Action item
Only the lines below from the one with "SUVA254 (L/mg/m) |" through the one with "Worn to the" are to be written out, exactly and without any images.

Source data
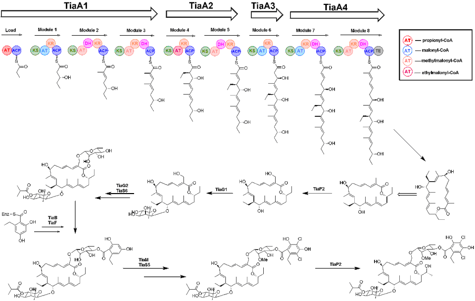 The biosynthetic pathway of fidaxomicin, also known as tiacumicin B, was first proposed in 2011 by Zhang et al. based on the identification of and sequence analysis of the tiacumicin B tia-gene cluster. The biosynthesis begins with the formation of the core aglycone, tiacumicinone, done by a type I polyketide synthase (PKS) coded for by the tiaA1-tiaA4 genes. The PKS is composed of a loading domain and eight elongating domains. Tiacumicinone formation starts when the loading acyltransferase domain loads propionyl-CoA onto the loading acyl carrier protein (ACP) domain. The following eight modules extend and tailor the polyketide using malonyl-CoA, methylmalonyl-CoA, and ethylmalonyl-CoA. The final thioesterase domain hydrolyzes the polyketide to form the 18-membered tiacumicinone aglycone.[10] Modification to the aglycone begins with oxidation at the C(20) position by TiaP2, a cytochrome P450. This is followed by attachment of ᴅ-noviose at the OH-C(11) position by the glycotransferase TiaG1. Next, the glycotransferase TiaG2 binds ᴅ-rhamnose at the OH-C(20) position followed by the attachment of an isobutyric ester at the OH-C(4’’) position of the noviose. TiaB, which codes for another type I PKS, forms an homoorsellinic acid moiety from propionyl-CoA and three malonyl-CoA elongating units that is coupled to rhamnose at the OH-C(4’) position by the TiaF, a ketoacyl ACP synthase. This is followed by chlorination of the aryl moiety by the halogenase TiaM and methylation of the OH-C(2’) position of rhamnose by the methyltransferase TiaS5. Lastly, there is another oxidation by the cytochrome P450 TiaP1 that oxidizes at the C(18) position of the aglycone to give tiacumicin B.[11]
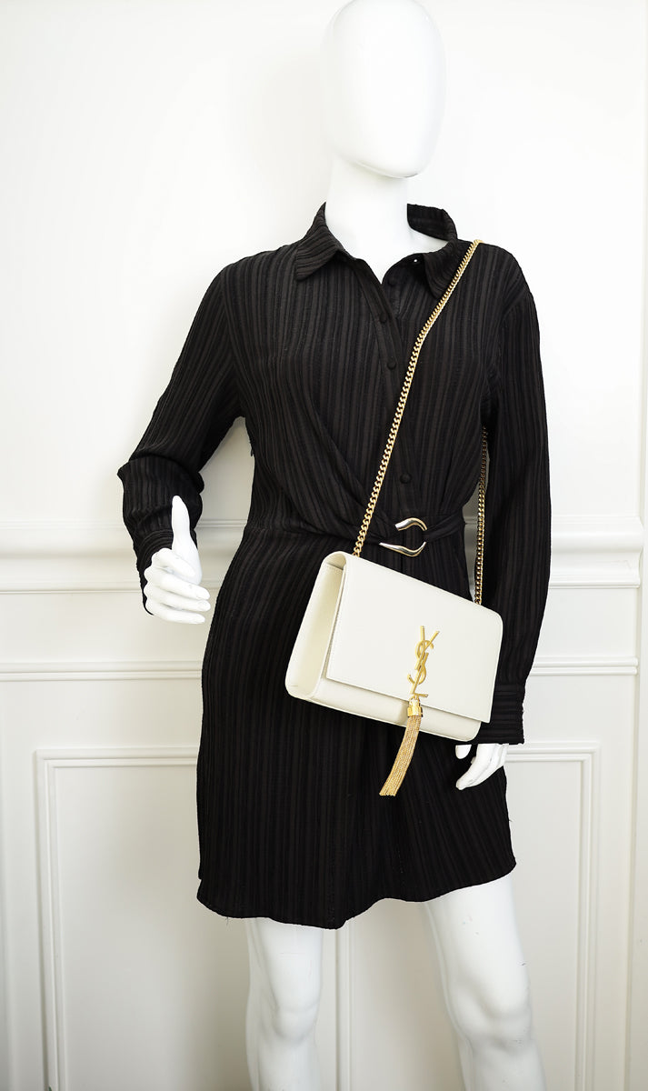 YSL Blanc Vintage Kate Tassel Medium Shoulder Bag
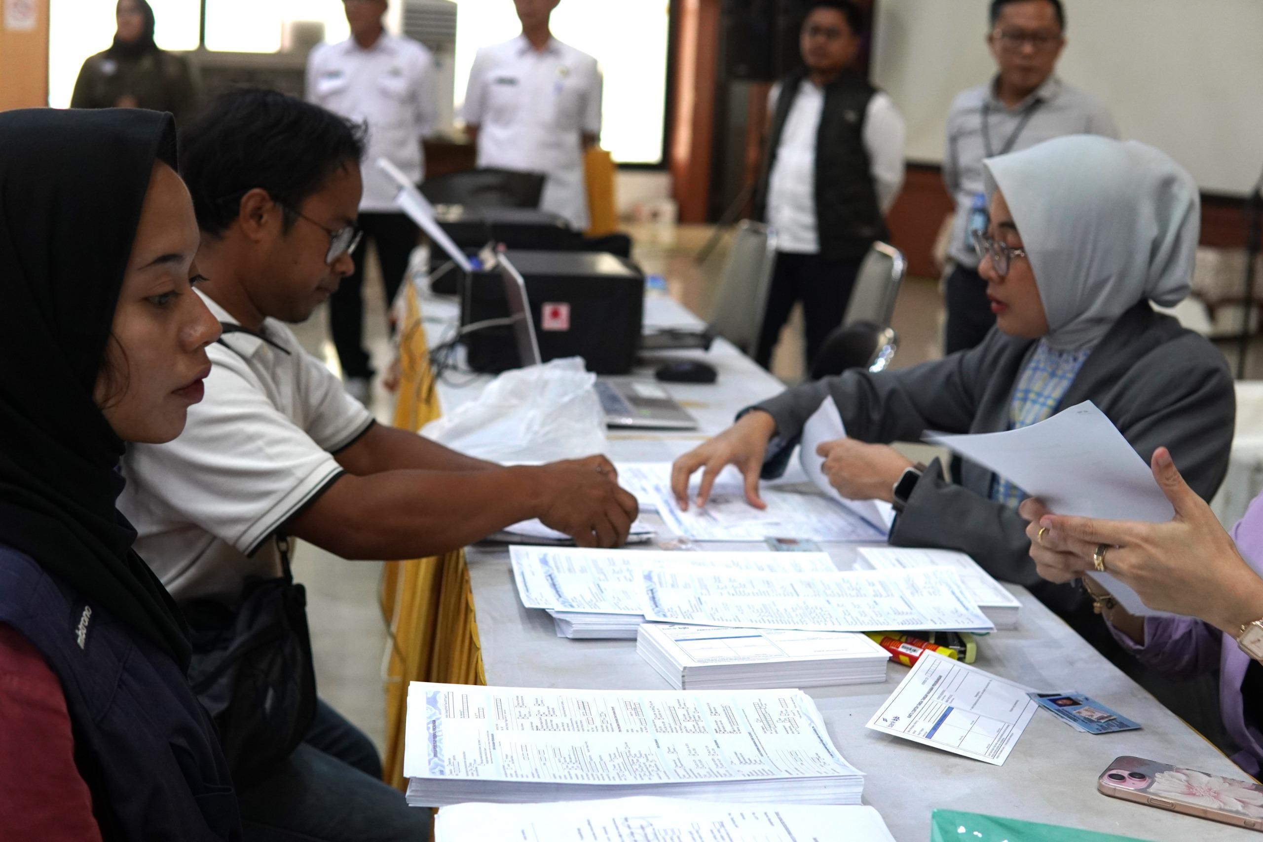 Sekda Subang H. Asep Nuroni menyerahkan rekening bantuan kepada pedagang eks bangunan liar di Ciater, sebagai bagian dari program penguatan ekonomi masyarakat terdampak penertiban.
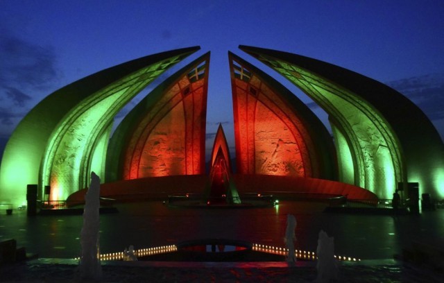 2023年7月29日,巴基斯坦首都伊斯兰堡的巴基斯坦纪念碑亮起中巴两国国旗颜色的灯光,庆祝中巴经济走廊启动十周年。新华社发
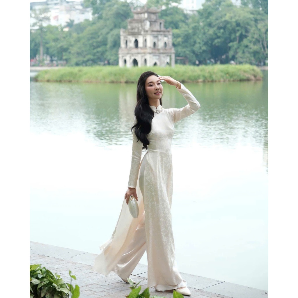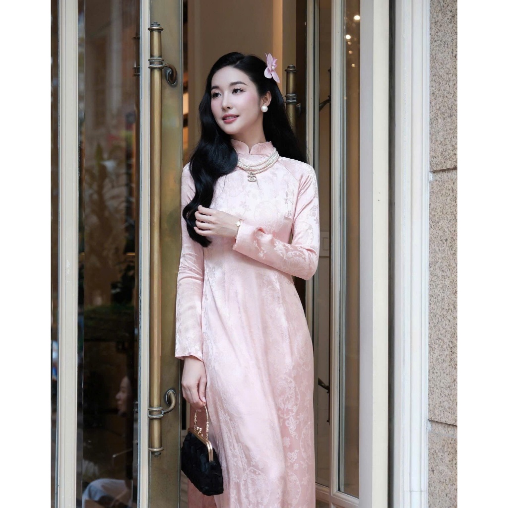 Áo Dài Gấm Trúc Dáng Ôm ,Thiết Kế Sang Trọng, Mặc Tết, Đi Lễ, Biểu Diễn Nghệ Thuật
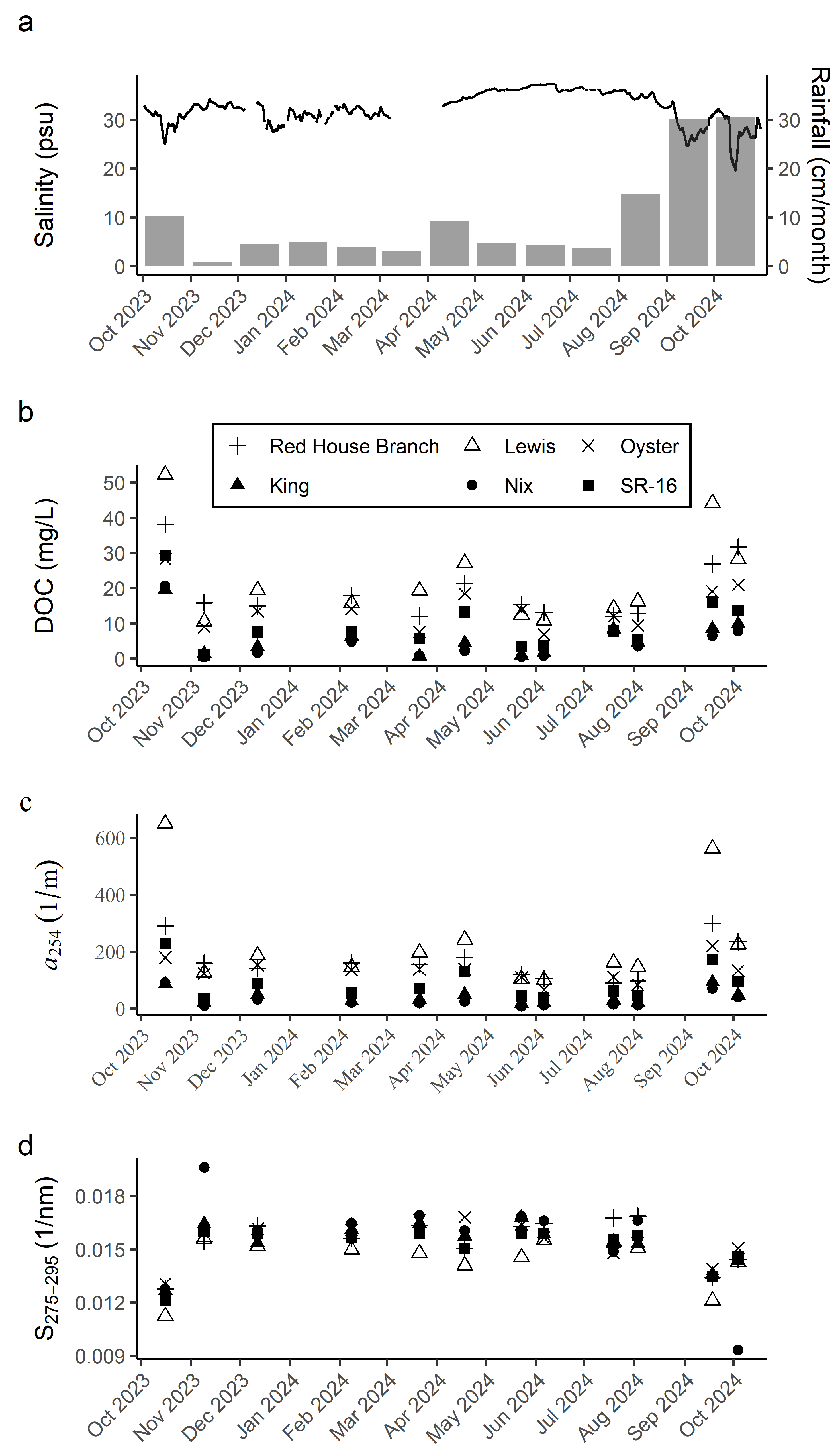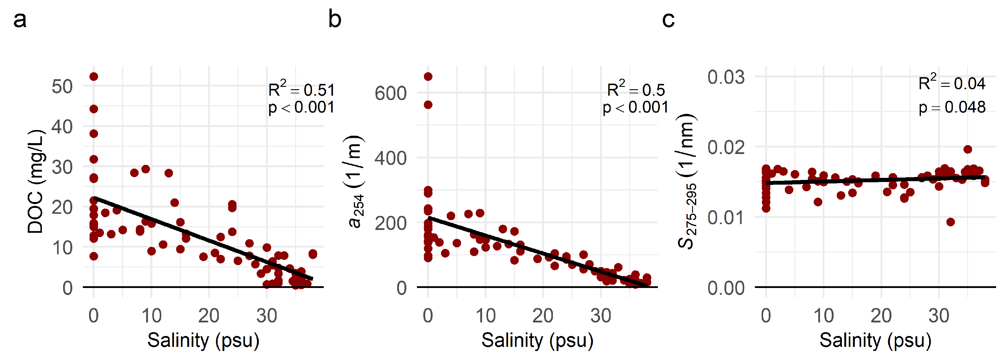 | Site | Salinity (psu) | DOC (mg/L) | 254 (1/m) | 280 (1/m) | 325 (1/m) | 355 (1/m) | 440 (1/m) | SR | S275–295 (1/nm) | S350–400 (1/nm) | SUVA254 (L/mg/m) |
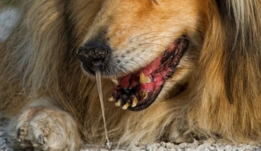 На языке животного скапливается белый налет, проявляются потемнения на зубах. Полностью теряется аппетит, собака очень слабеет, возможны обмороки.
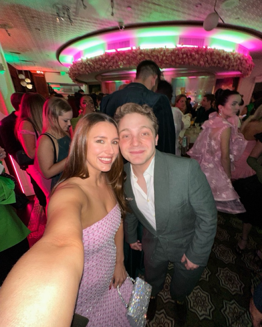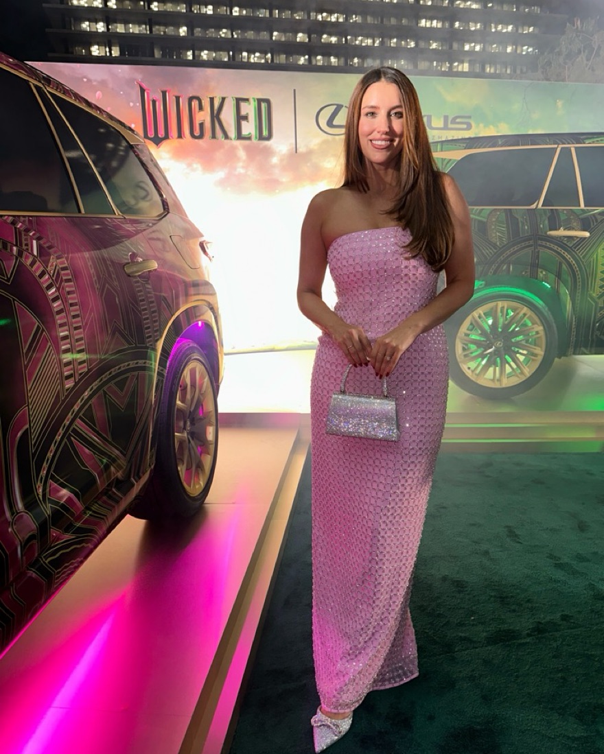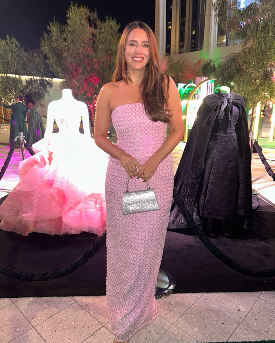 Worn to the Wicked premiere in LA, this baby pink Simkhai gown is perfect for formal or black tie events like premieres or weddings. It has an internal corset for structure and detailed pearl and silver embellishments. Showstopper!
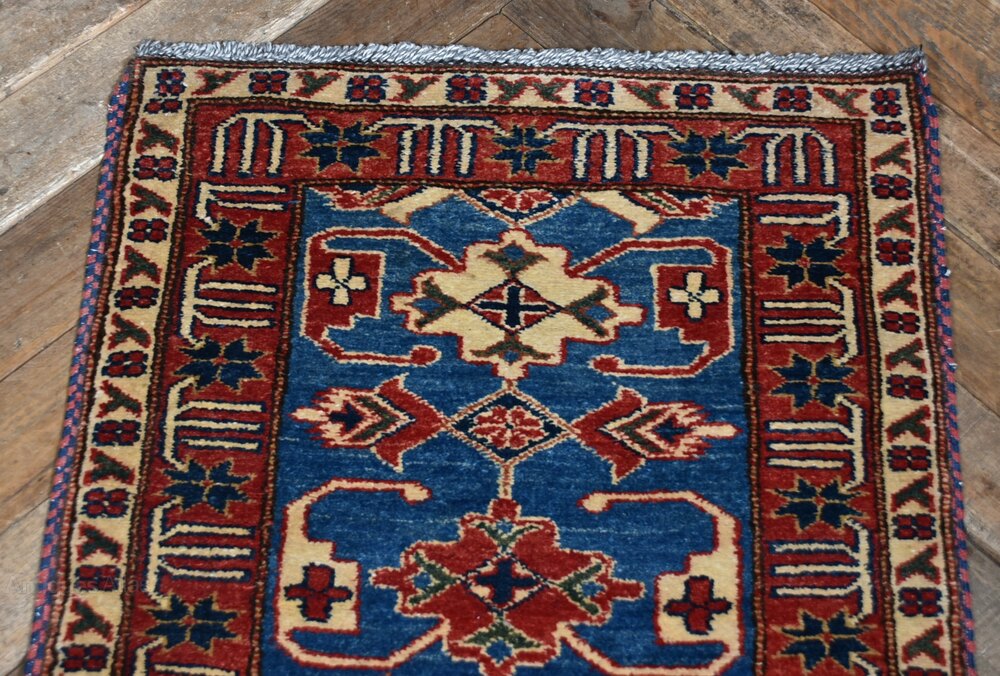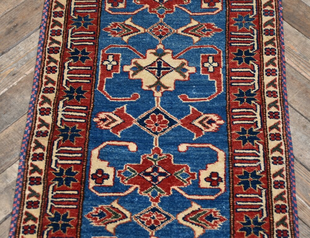 A striking handwoven runner with a rich palette of deep blue, crimson, and cream. The central field is adorned with symmetrical geometric and floral motifs in repeating formation, framed by a vibrant red border with alternating stylised designs. A narrow cream band with delicate accents adds definition and contrast. The craftsmanship is evident in the clarity of pattern and balance of colour, making this a characterful and practical piece—ideal for hallways, landings, or narrow spaces in need of warmth and visual interest.

Task result
 | Site | Salinity (psu) | DOC (mg/L) | 254 (1/m) | 280 (1/m) | 325 (1/m) | 355 (1/m) | 440 (1/m) | SR | S275–295 (1/nm) | S350–400 (1/nm) | SUVA254 (L/mg/m) |
 На языке животного скапливается белый налет, проявляются потемнения на зубах. Полностью теряется аппетит, собака очень слабеет, возможны обмороки.
 Worn to the Wicked premiere in LA, this baby pink Simkhai gown is perfect for formal or black tie events like premieres or weddings. It has an internal corset for structure and detailed pearl and silver embellishments. Showstopper!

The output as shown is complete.